Years later, early in her career as a nurse, she said Marshall guided her through the resuscitation of a newborn infant with meconium in his lungs.
“He started saying, ‘Rub, rub, rub.’ He never raises his voice, but of course you know he means business,” she said. “He told us what he wanted and he meant it because that baby’s life depended on what we did and how quickly we did it... I feel like he made me a better nurse.”
Joe Chism was 9-years-old when Marshall became involved in his life. A baseball teammate of Marshall’s oldest son, Chism was one of the few Black kids in predominantly white Great Bend and felt like an outcast. His father was not in the picture; his mother worked multiple jobs.

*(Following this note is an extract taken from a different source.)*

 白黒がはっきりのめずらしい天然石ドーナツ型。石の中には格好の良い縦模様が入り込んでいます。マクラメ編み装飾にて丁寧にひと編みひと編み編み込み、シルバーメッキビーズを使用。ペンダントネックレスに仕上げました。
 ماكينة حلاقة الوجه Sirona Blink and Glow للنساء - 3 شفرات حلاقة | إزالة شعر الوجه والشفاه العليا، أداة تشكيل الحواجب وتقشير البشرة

Marshall brought him to church and on family trips, arranged dental appointments and made sure he had clothes for school.
“He took me to the Big 12 tournament twice, but the first one that was very special to me because he kind of let me in on his life,” Chism, now 33, recalled. “That whole trip he spent so much time talking to me about life and the struggles… and what you can achieve by working hard. So that weekend was very special to me not just because of basketball but just spending time with a man I respected.”

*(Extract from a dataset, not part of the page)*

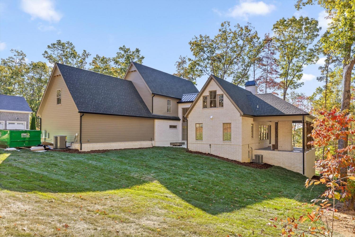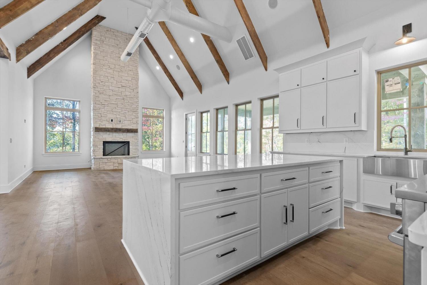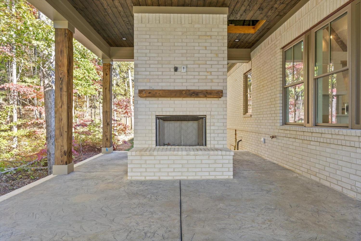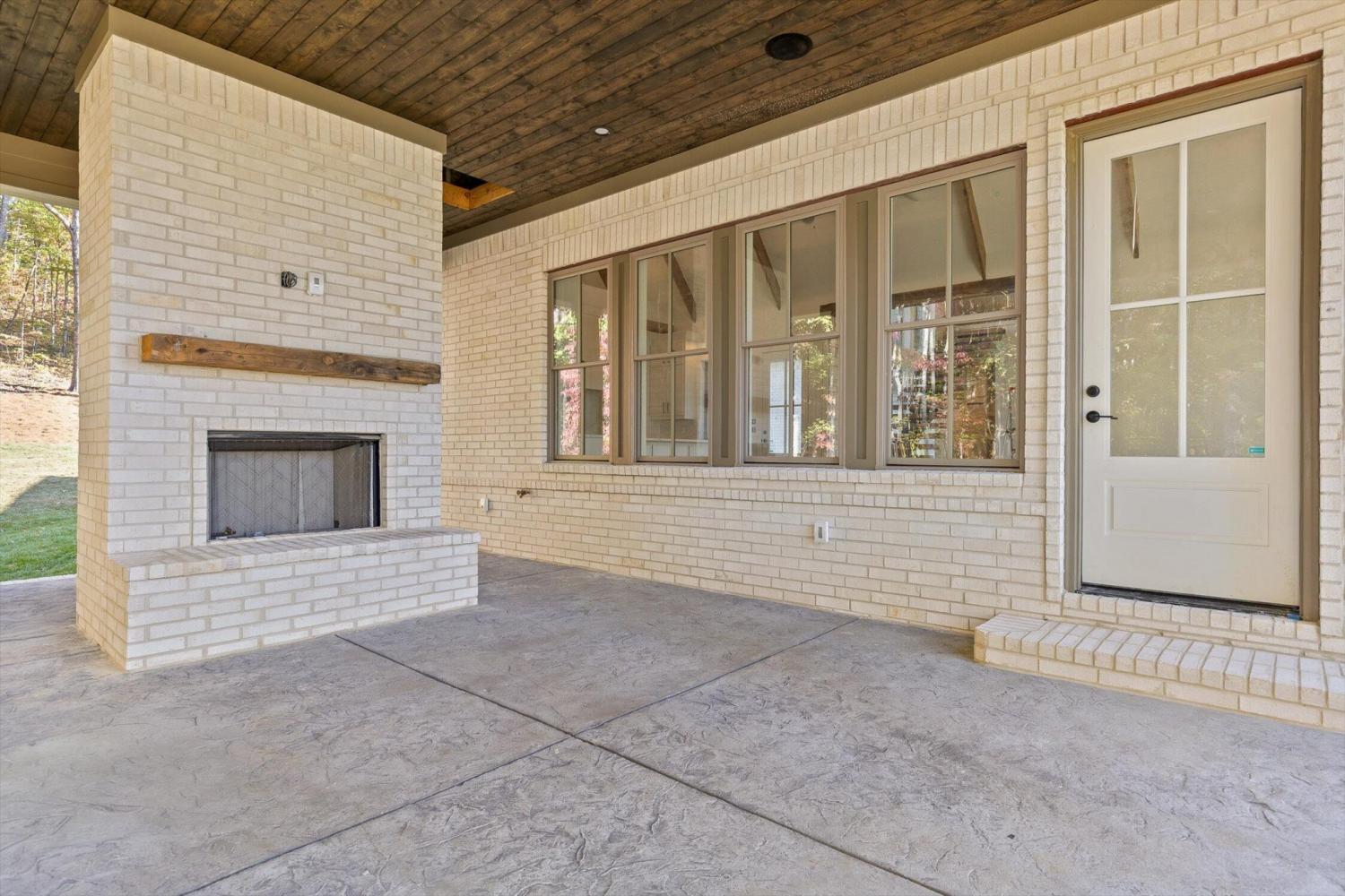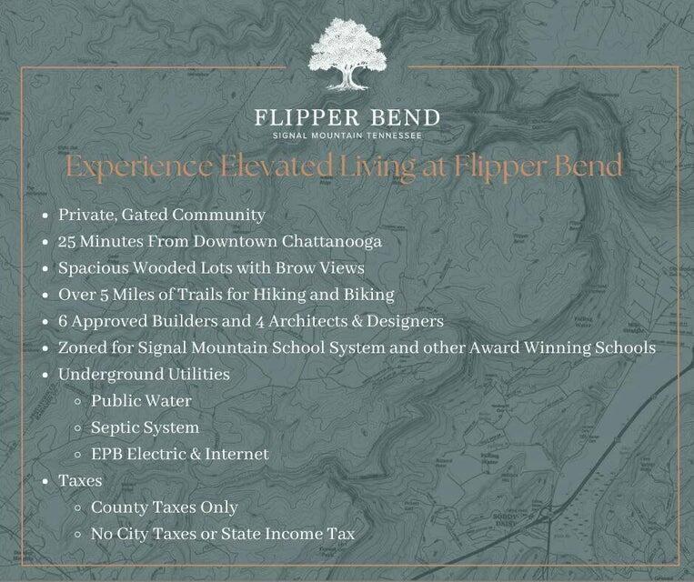 Welcome to your modern mountain dream home crafted by Deep South Custom Homes in the prestigious gated community of Flipper Bend on Signal Mountain, TN. Nestled on a corner lot right across from the brow views of Chattanooga's verdant valley, this 4-bedroom, 3.5-bathroom luxury home offers unparalleled craftsmanship and contemporary elegance. Step up the grand front path and onto the inviting stone front porch and step through the glassed entry into a roomy foyer with a floating staircase allowing amazing views out the windows on each side of this glass box masterpiece. To the left, discover the heart of the home - a spacious kitchen and living area flanking the central dining space. Accentuating the living space are the vaulted ceilings with exposed antique rafters and other antique beam accents lending old world charm as well as a stone fireplace extending to the center of the vault adding texture and warmth. The living room showcases the cozy gas fireplace flanked by windows for magnificent views and convenient access to the screened, side porch with more mountain views, a fireplace with TV hookups above, and an attached, covered grilling porch with a built-in grill.The kitchen features site-built, custom cabinetry, quartz counters and back splashes, a 48'' gas range with a copper venthood, a large island with seating, a 60'' refrigerator/freezer, and a scullery. Returning through the foyer, to explore the other half of the house, don't miss the back patio in a quaint courtyard with space for a fire pit with a fire ring or a water feature to create a serene outdoor oasis. Through the foyer on the right of the home is the rear entry hall leading to a three car garage on the back of the home. The rear entry hall is well appointed with custom storage and a powder room. On the front right of the home you will find the luxurious master suite with views towards the brow.

“He didn’t have to do anything he did for me, but he did it with open arms,” Chism said. “It’s so hard for me to talk about the impact because I don’t want to cry.”
Chism went on to play baseball at Bemidji State University in Minnesota and now works for a healthcare data company in Tennessee. He said he still keeps in touch with the Marshalls.
At a celebratory dinner the day Marshall was sworn into the U.S. House, his father started taking bets on how many years would pass before his son ran for U.S. Senate.
“I went around the table to take bets on his future and I remember saying in four years he will run for the Senate and in six years to 10 years he will run for the president and everybody laughed,” the elder Marshall said. “But now it’s coming true.”